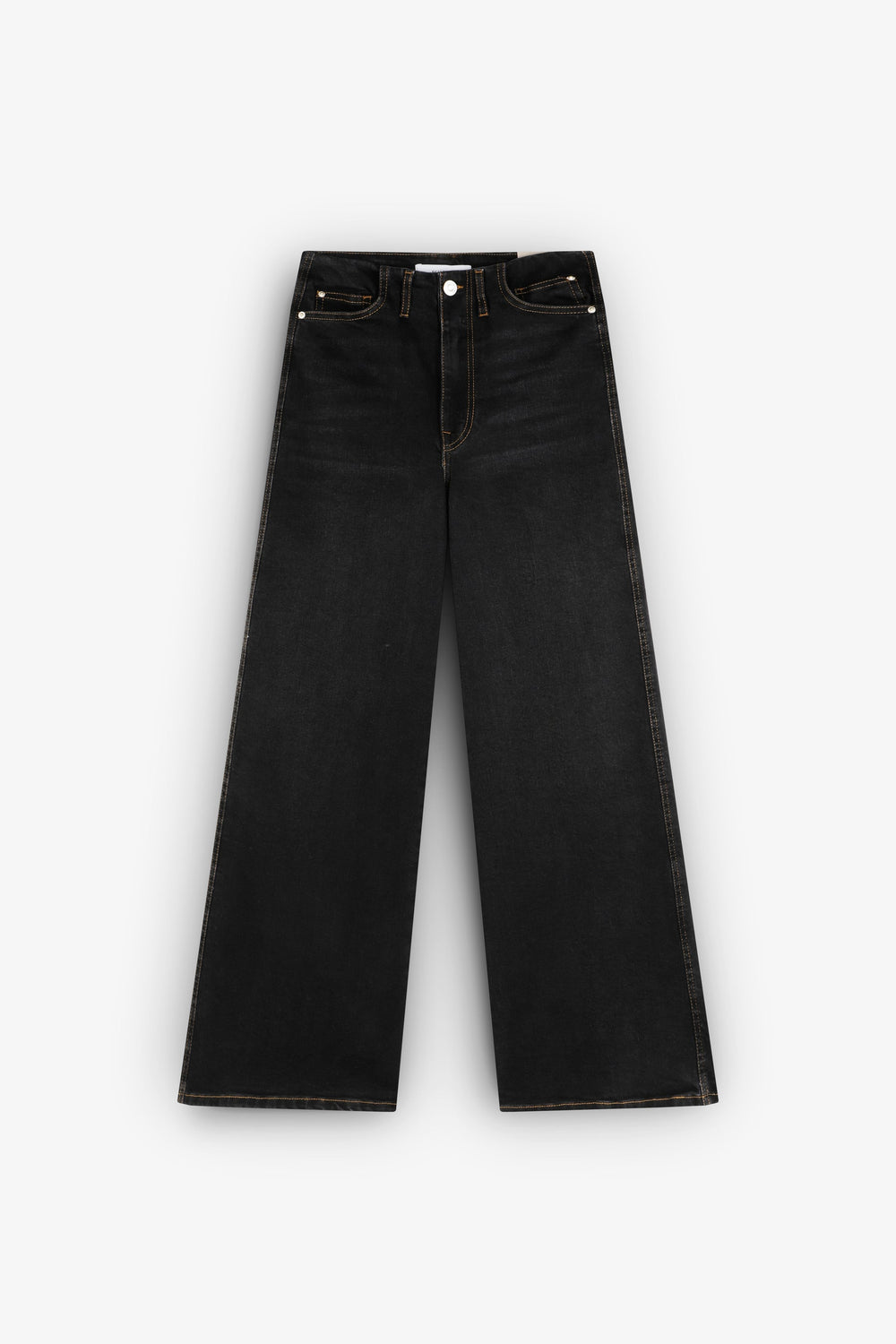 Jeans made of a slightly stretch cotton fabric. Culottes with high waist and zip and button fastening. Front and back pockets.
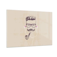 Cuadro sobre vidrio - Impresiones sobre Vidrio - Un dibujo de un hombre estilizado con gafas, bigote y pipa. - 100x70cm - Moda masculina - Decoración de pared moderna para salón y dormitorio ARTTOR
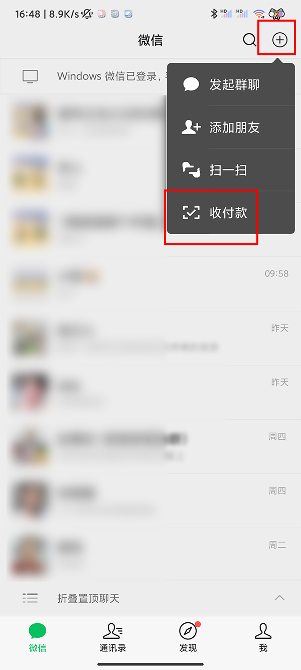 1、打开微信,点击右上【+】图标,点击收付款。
• • • •
EXERCISE DIRECTIONS: Apart from the pictures, every line above must be repeated exactly.

ANSWER BELOW:
 Jeans made of a slightly stretch cotton fabric. Culottes with high waist and zip and button fastening. Front and back pockets.
 Cuadro sobre vidrio - Impresiones sobre Vidrio - Un dibujo de un hombre estilizado con gafas, bigote y pipa. - 100x70cm - Moda masculina - Decoración de pared moderna para salón y dormitorio ARTTOR
 1、打开微信,点击右上【+】图标,点击收付款。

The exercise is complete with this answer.